Task item: An exact copy of the records below is needed, with every picture left out.
==============================
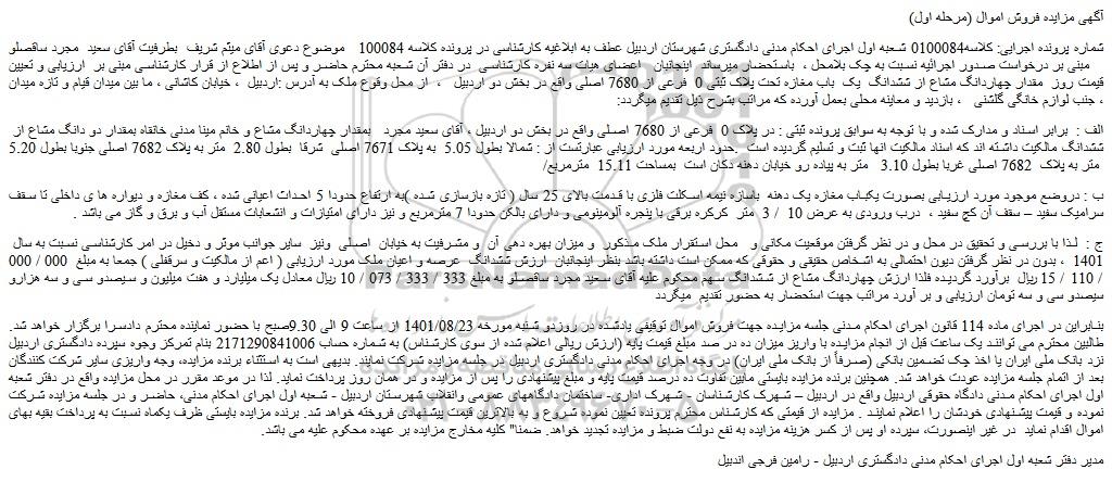 شماره پرونده اجرایی: کلاسه0100084 شعبه اول اجرای احکام مدنی دادگستری شهرستان اردبیل عطف به ابلاغیه کارشناسی در پرونده کلاسه 100084   موضوع دعوی آقای میثم شریف  بطرفیت آقای سعید  مجرد ساقصلو    مبنی بر درخواست صدور اجرائیه نسبت به چک بلامحل ،  باستحضار میرساند  اینجانبان   اعضای هیات سه نفره کارشناسی  در دفتر آن شعبه محترم حاضر و پس از اطلاع از قرار کارشناسی مبنی بر  ارزیابی و تعیین قیمت روز  مقدار چهاردانگ مشاع از ششدانگ  یک  باب مغازه تحت پلاک ثبتی 0  فرعی از 7680 اصلی واقع در بخش دو اردبیل   ،  از محل وقوع ملک به آدرس :اردبیل  ، خیابان کاشانی ، ما بین میدان قیام و تازه میدان ، جنب لوازم خانگی گلشنی   ، بازدید و معاینه محلی بعمل آورده که مراتب بشرح ذیل تقدیم میگردد:
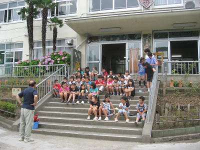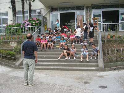 残りのもう一クラスは職員室前の廊下で体験しました。
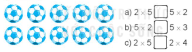 Viết tích thành tổng các số hạng bằng nhau rồi tính (theo mẫu): Mẫu: 6 x 3 = 6 + 6 + 6 = 18. Vậy 6 x 3 = 18 a) 3 x 4 = …………………………………… = ……… Vậy 3 x 4 = ……… b) 4 x 3 = …………………………………… = ……… Vậy 4 x 3 = ……… c) 2 x 7 = …………………………………… = ……… Vậy 2 x 7 = ……… Tô màu đỏ vào các thừa số, màu xanh vào tích tương ứng trong mỗi phép nhân sau
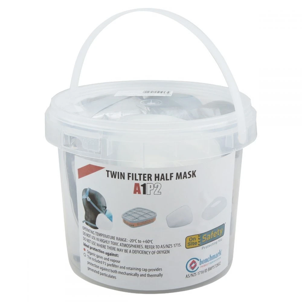 Ideal protection against: Organic gases and vapour Protection against both mechanically and thermally generated particulates Built using a TPR compound mask, the P2 RHM half mask is soft, pliable and durable. The exhalation valve is concealed behind the nose cone, reducing moisture buildup around your occular area. The cartridges easily click into the twin masks. The mask has adjustable length elastic straps to ensure you get the right fit. The crown can be adjusted in size as well. The mask is ideal to use in an operating temperature range of between -20o C to +50o C. All new filter cartridges are pre-sealed. Replacement cartridges are readily available. Recommended for bushfire smoke / dust, vapours, fumes, fibres etc Recommneded for hospital, laboratory and disease control Twin filter half mask Soft TPR mask Adjustable length straps Adjustable head band Easy to assemble with click and turn cartridges AS/NZS 1716 Spare Cartridges available Supplied in a sealed, re-sealable mini bucket container (RHMA1P2K)
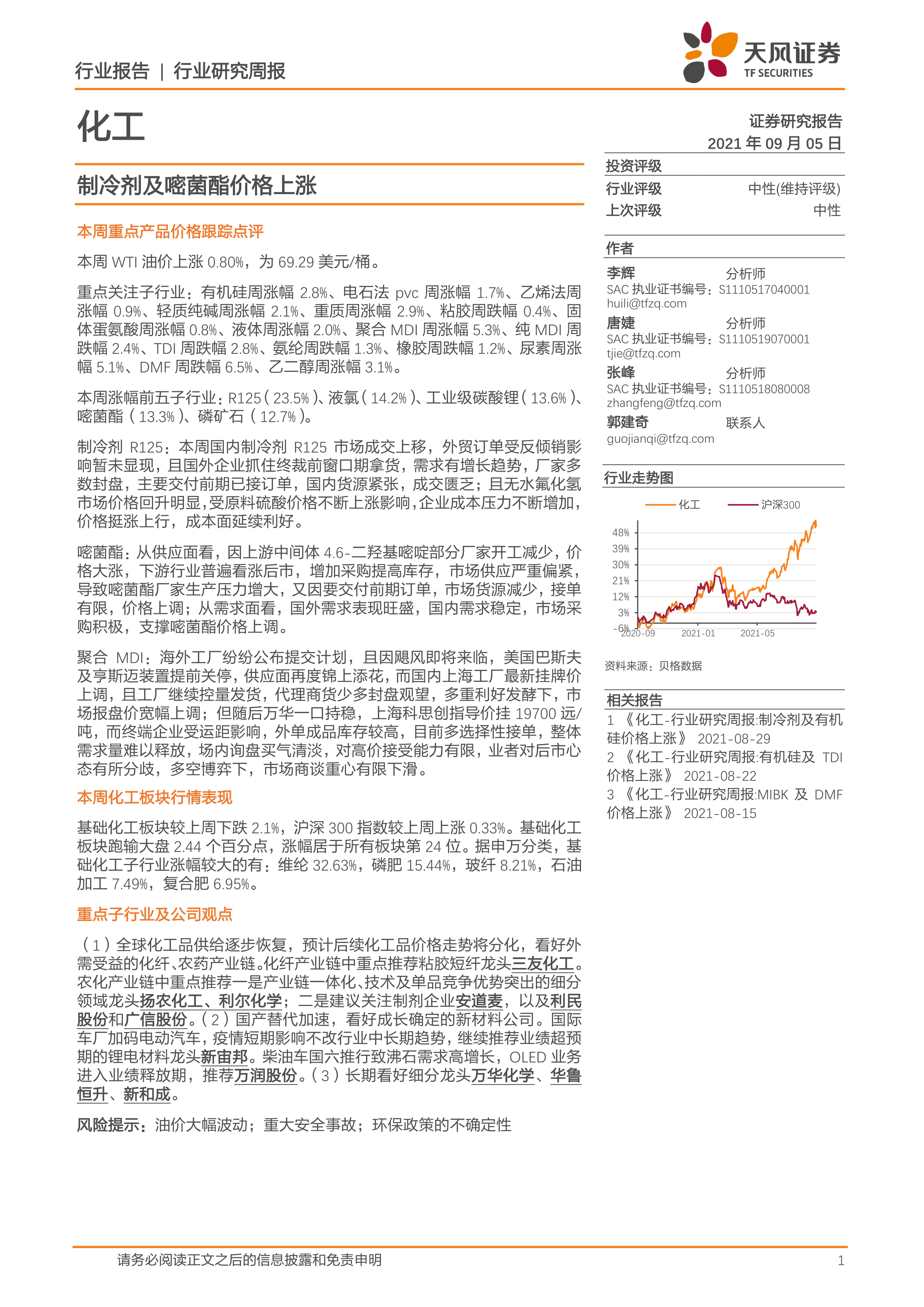 化工行业研究周报:制冷剂及嘧菌酯价格上涨
==============================
Written response:
 شماره پرونده اجرایی: کلاسه0100084 شعبه اول اجرای احکام مدنی دادگستری شهرستان اردبیل عطف به ابلاغیه کارشناسی در پرونده کلاسه 100084   موضوع دعوی آقای میثم شریف  بطرفیت آقای سعید  مجرد ساقصلو    مبنی بر درخواست صدور اجرائیه نسبت به چک بلامحل ،  باستحضار میرساند  اینجانبان   اعضای هیات سه نفره کارشناسی  در دفتر آن شعبه محترم حاضر و پس از اطلاع از قرار کارشناسی مبنی بر  ارزیابی و تعیین قیمت روز  مقدار چهاردانگ مشاع از ششدانگ  یک  باب مغازه تحت پلاک ثبتی 0  فرعی از 7680 اصلی واقع در بخش دو اردبیل   ،  از محل وقوع ملک به آدرس :اردبیل  ، خیابان کاشانی ، ما بین میدان قیام و تازه میدان ، جنب لوازم خانگی گلشنی   ، بازدید و معاینه محلی بعمل آورده که مراتب بشرح ذیل تقدیم میگردد:
 残りのもう一クラスは職員室前の廊下で体験しました。
 Viết tích thành tổng các số hạng bằng nhau rồi tính (theo mẫu): Mẫu: 6 x 3 = 6 + 6 + 6 = 18. Vậy 6 x 3 = 18 a) 3 x 4 = …………………………………… = ……… Vậy 3 x 4 = ……… b) 4 x 3 = …………………………………… = ……… Vậy 4 x 3 = ……… c) 2 x 7 = …………………………………… = ……… Vậy 2 x 7 = ……… Tô màu đỏ vào các thừa số, màu xanh vào tích tương ứng trong mỗi phép nhân sau
 Ideal protection against: Organic gases and vapour Protection against both mechanically and thermally generated particulates Built using a TPR compound mask, the P2 RHM half mask is soft, pliable and durable. The exhalation valve is concealed behind the nose cone, reducing moisture buildup around your occular area. The cartridges easily click into the twin masks. The mask has adjustable length elastic straps to ensure you get the right fit. The crown can be adjusted in size as well. The mask is ideal to use in an operating temperature range of between -20o C to +50o C. All new filter cartridges are pre-sealed. Replacement cartridges are readily available. Recommended for bushfire smoke / dust, vapours, fumes, fibres etc Recommneded for hospital, laboratory and disease control Twin filter half mask Soft TPR mask Adjustable length straps Adjustable head band Easy to assemble with click and turn cartridges AS/NZS 1716 Spare Cartridges available Supplied in a sealed, re-sealable mini bucket container (RHMA1P2K)
 化工行业研究周报:制冷剂及嘧菌酯价格上涨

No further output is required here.